• **YOUR TASK**: Set down, exactly and only, everything from the line containing "Turki membagi buronan" down to the line containing "- Interactions entre" in the data below; the pictures are not part of the copy.

• **ENTRIES SUPPLIED**:
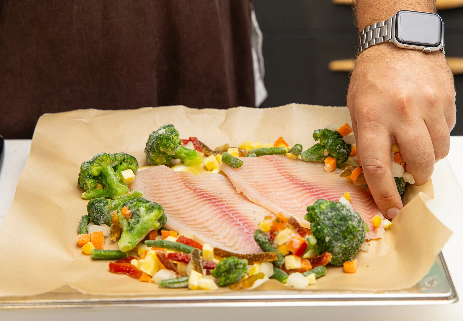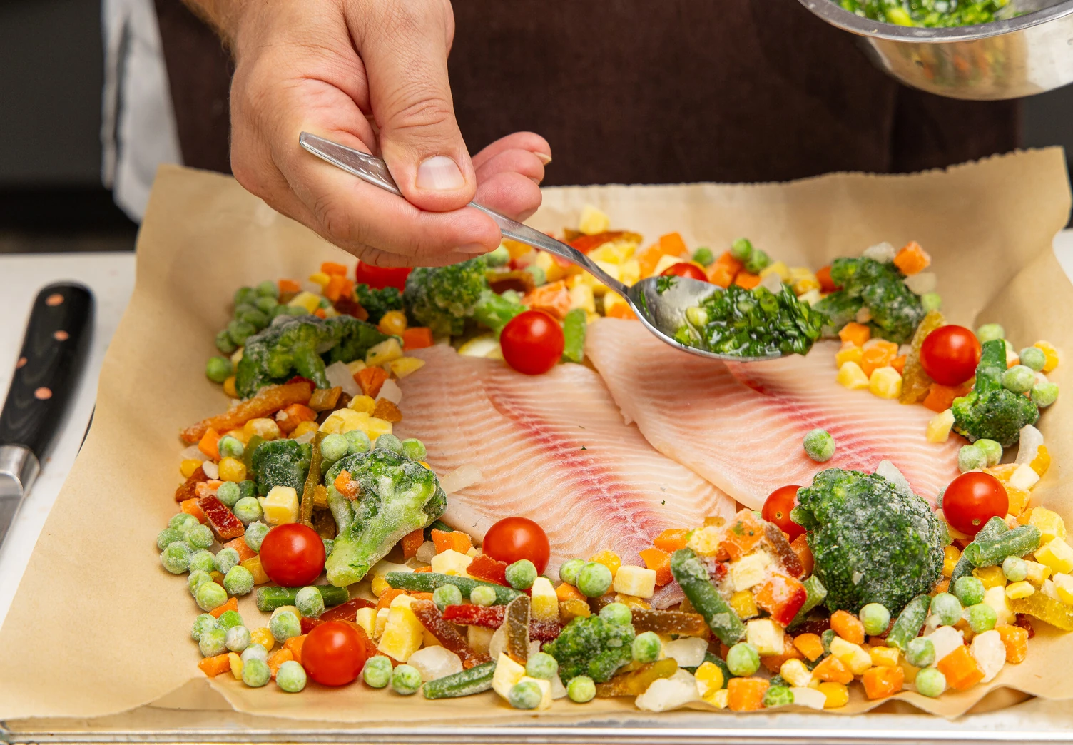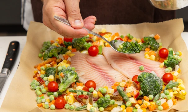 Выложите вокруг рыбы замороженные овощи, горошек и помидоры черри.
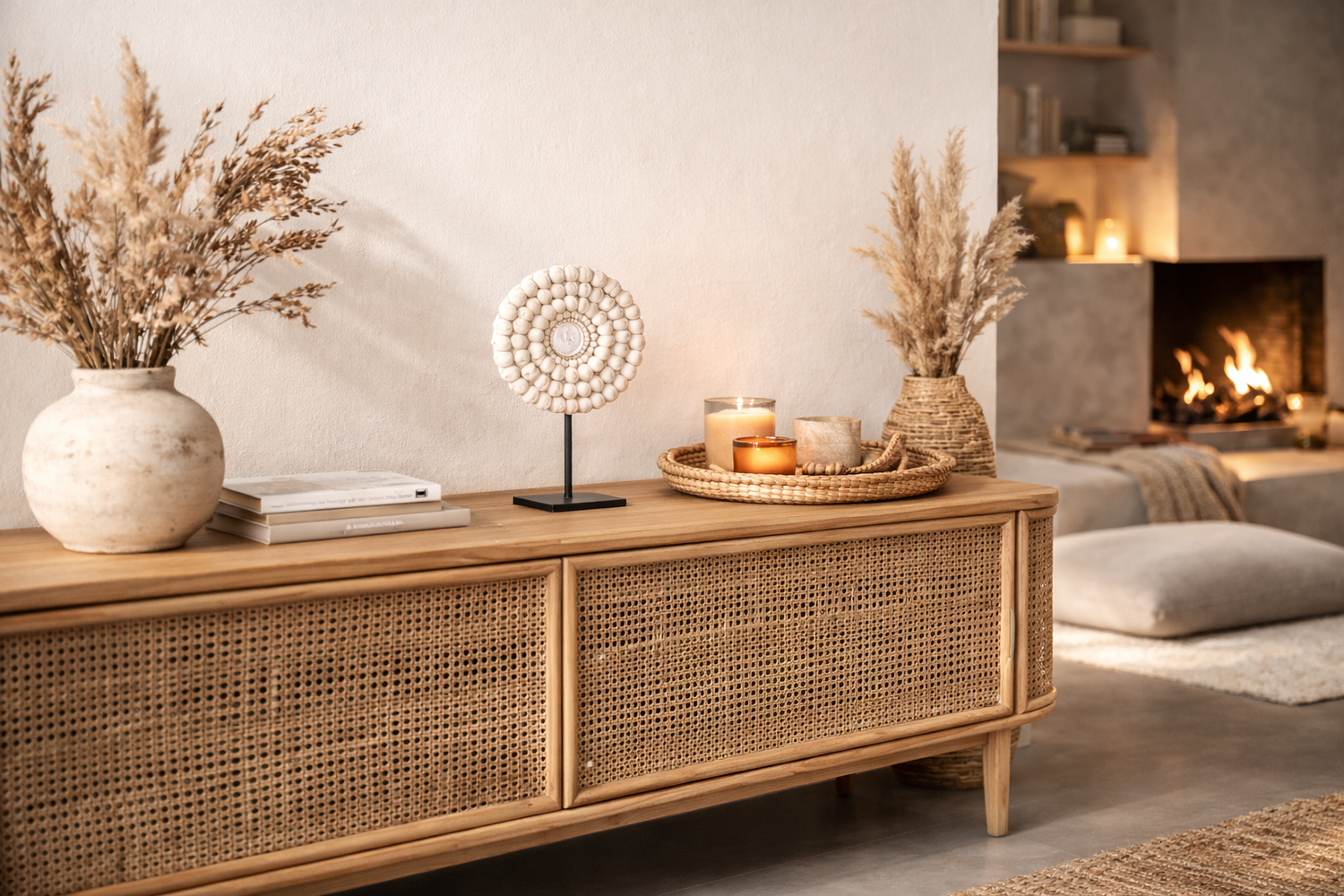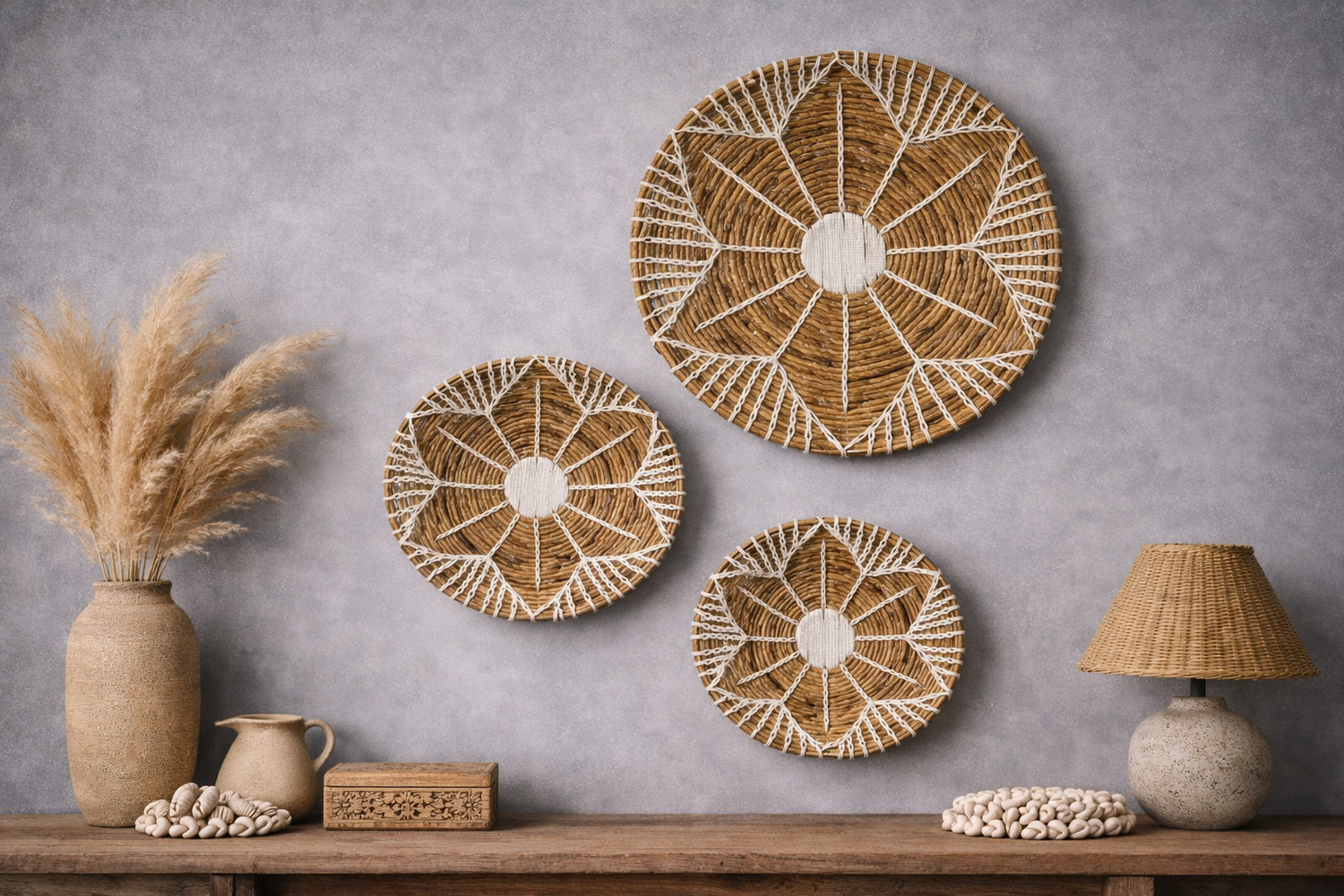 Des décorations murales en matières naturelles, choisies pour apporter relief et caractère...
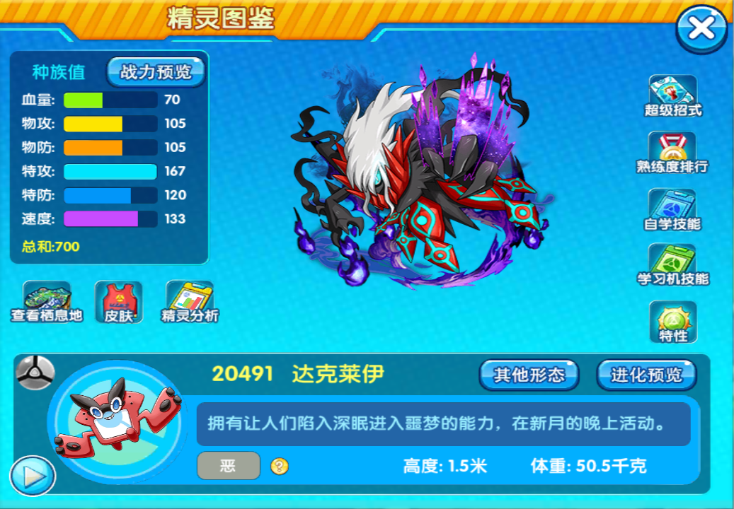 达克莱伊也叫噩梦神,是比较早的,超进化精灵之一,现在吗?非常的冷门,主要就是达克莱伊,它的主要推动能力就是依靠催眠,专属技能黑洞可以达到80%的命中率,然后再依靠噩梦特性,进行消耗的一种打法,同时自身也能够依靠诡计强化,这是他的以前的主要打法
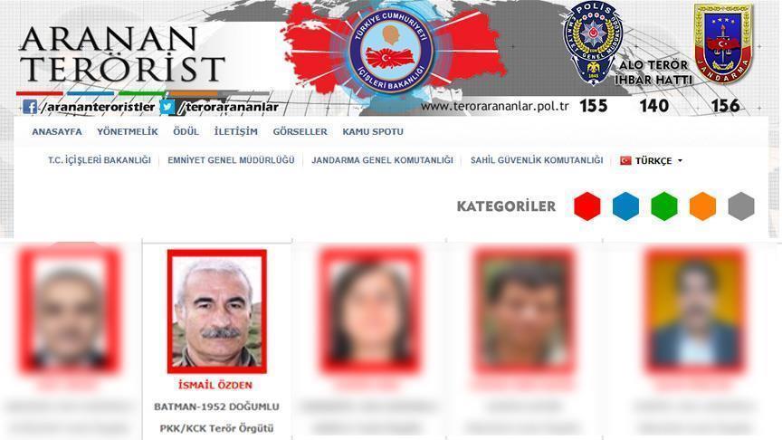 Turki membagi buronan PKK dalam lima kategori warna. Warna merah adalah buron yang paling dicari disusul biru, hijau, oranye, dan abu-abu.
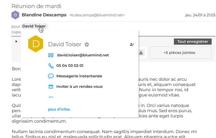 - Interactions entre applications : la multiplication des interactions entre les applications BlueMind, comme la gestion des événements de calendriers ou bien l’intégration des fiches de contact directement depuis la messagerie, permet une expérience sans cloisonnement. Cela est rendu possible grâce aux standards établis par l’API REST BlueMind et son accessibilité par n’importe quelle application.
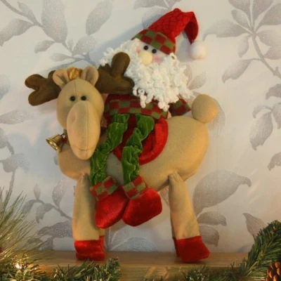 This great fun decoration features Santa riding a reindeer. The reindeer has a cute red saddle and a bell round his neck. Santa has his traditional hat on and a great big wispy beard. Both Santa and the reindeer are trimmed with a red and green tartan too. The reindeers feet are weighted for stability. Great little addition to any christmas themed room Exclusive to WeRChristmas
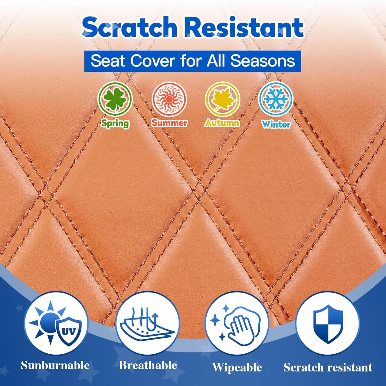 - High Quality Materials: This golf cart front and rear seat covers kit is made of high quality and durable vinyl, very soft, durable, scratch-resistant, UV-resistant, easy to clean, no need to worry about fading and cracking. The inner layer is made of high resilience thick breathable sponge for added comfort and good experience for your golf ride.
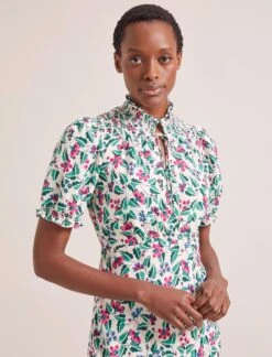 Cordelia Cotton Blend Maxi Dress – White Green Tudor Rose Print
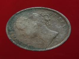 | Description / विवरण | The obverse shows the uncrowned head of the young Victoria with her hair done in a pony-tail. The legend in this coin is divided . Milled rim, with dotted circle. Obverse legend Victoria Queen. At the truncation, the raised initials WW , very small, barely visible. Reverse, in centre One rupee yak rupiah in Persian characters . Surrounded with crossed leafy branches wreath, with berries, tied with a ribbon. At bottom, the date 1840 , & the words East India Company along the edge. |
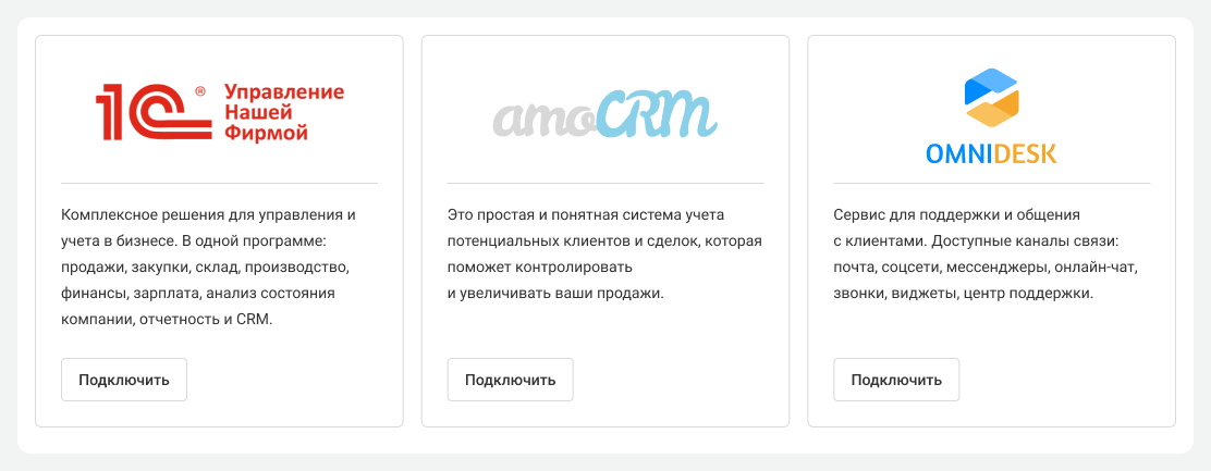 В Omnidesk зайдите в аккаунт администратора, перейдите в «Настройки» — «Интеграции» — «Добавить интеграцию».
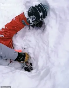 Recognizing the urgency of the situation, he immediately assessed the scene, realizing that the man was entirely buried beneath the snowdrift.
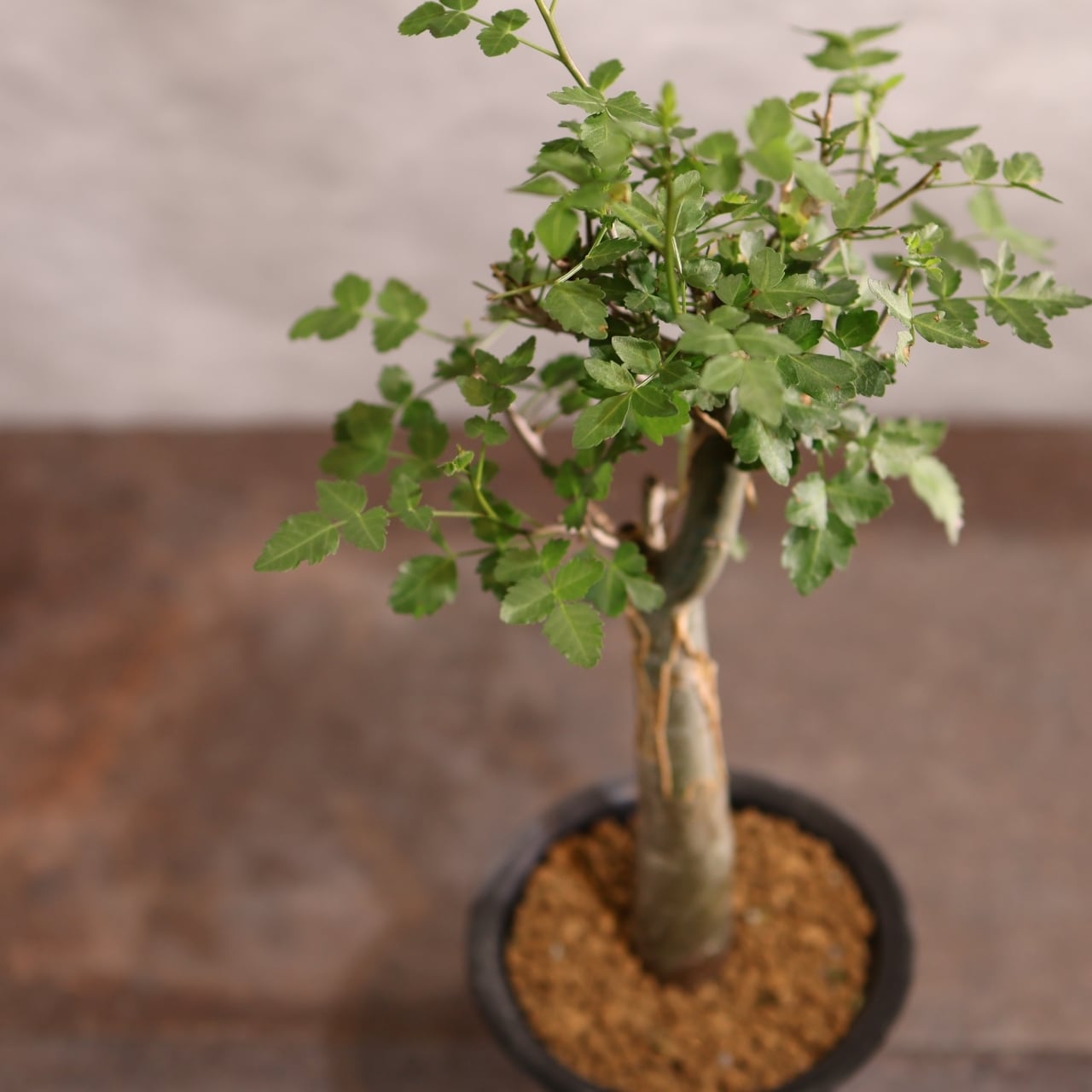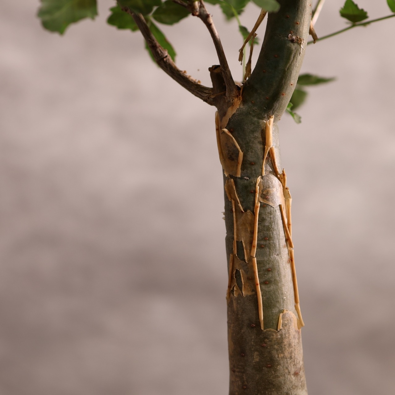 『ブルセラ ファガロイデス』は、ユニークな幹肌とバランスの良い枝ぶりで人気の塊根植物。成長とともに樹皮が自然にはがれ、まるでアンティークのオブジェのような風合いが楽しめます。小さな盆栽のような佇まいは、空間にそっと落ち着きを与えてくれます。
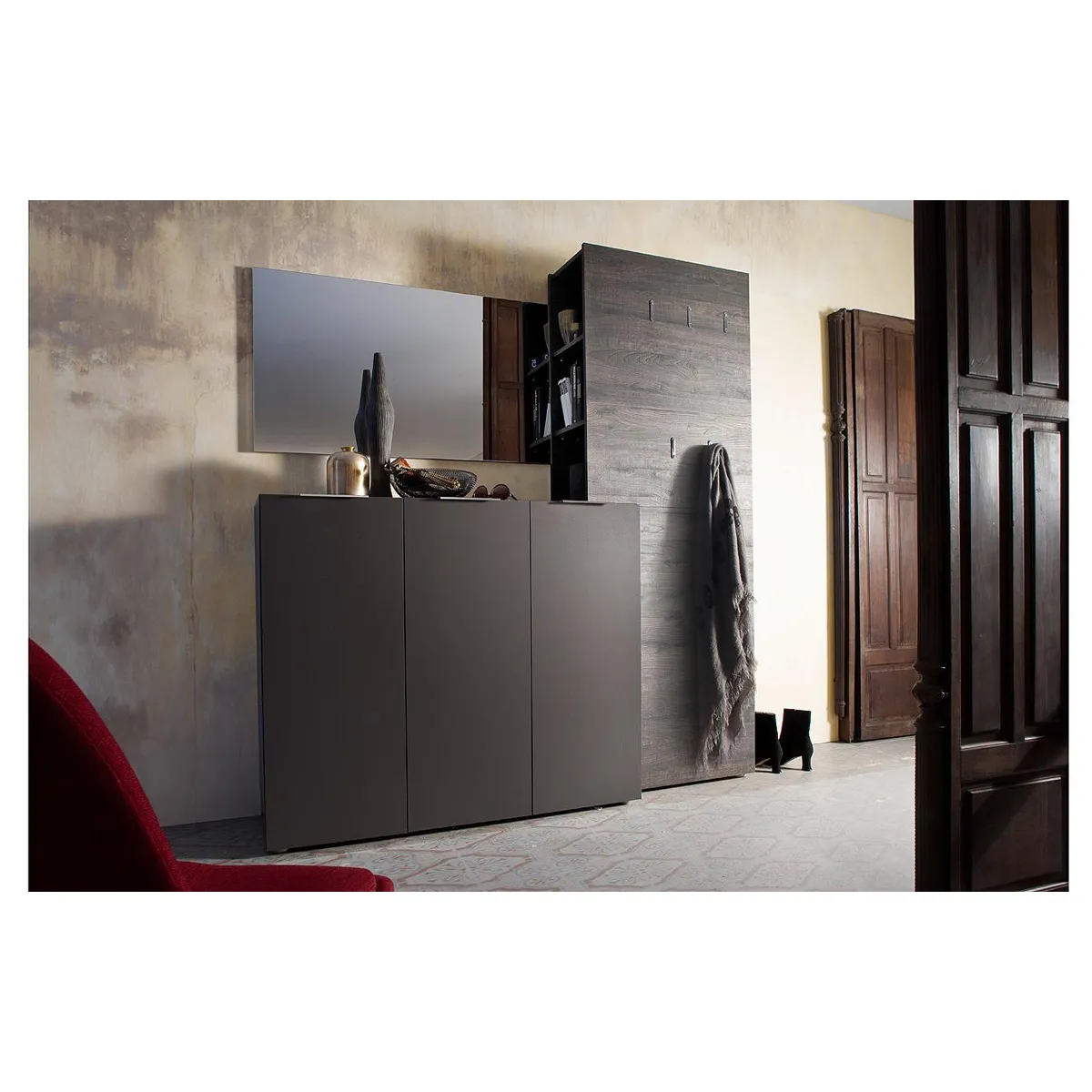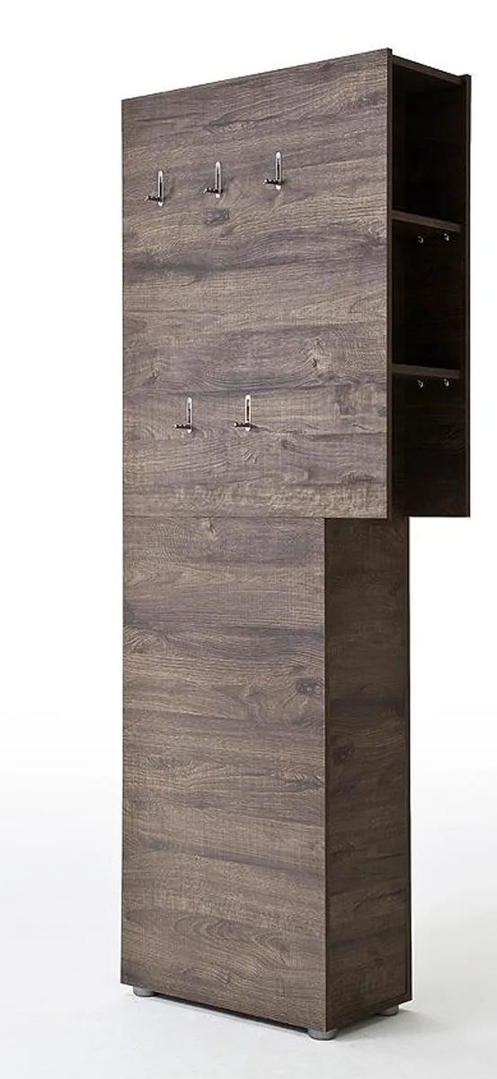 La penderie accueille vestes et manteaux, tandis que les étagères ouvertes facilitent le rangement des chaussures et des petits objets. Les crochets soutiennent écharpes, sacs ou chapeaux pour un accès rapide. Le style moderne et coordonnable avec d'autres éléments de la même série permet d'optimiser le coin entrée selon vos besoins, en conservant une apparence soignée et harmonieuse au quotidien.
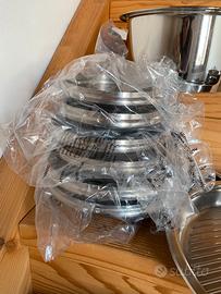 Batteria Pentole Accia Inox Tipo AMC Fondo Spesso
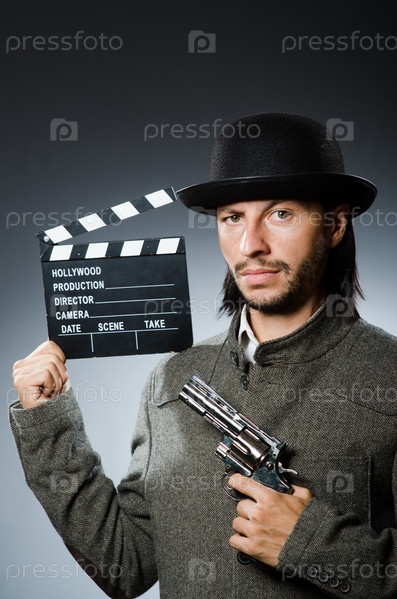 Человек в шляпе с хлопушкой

• **OUTPUT FOR THIS TASK**:
 Turki membagi buronan PKK dalam lima kategori warna. Warna merah adalah buron yang paling dicari disusul biru, hijau, oranye, dan abu-abu.
 - Interactions entre applications : la multiplication des interactions entre les applications BlueMind, comme la gestion des événements de calendriers ou bien l’intégration des fiches de contact directement depuis la messagerie, permet une expérience sans cloisonnement. Cela est rendu possible grâce aux standards établis par l’API REST BlueMind et son accessibilité par n’importe quelle application.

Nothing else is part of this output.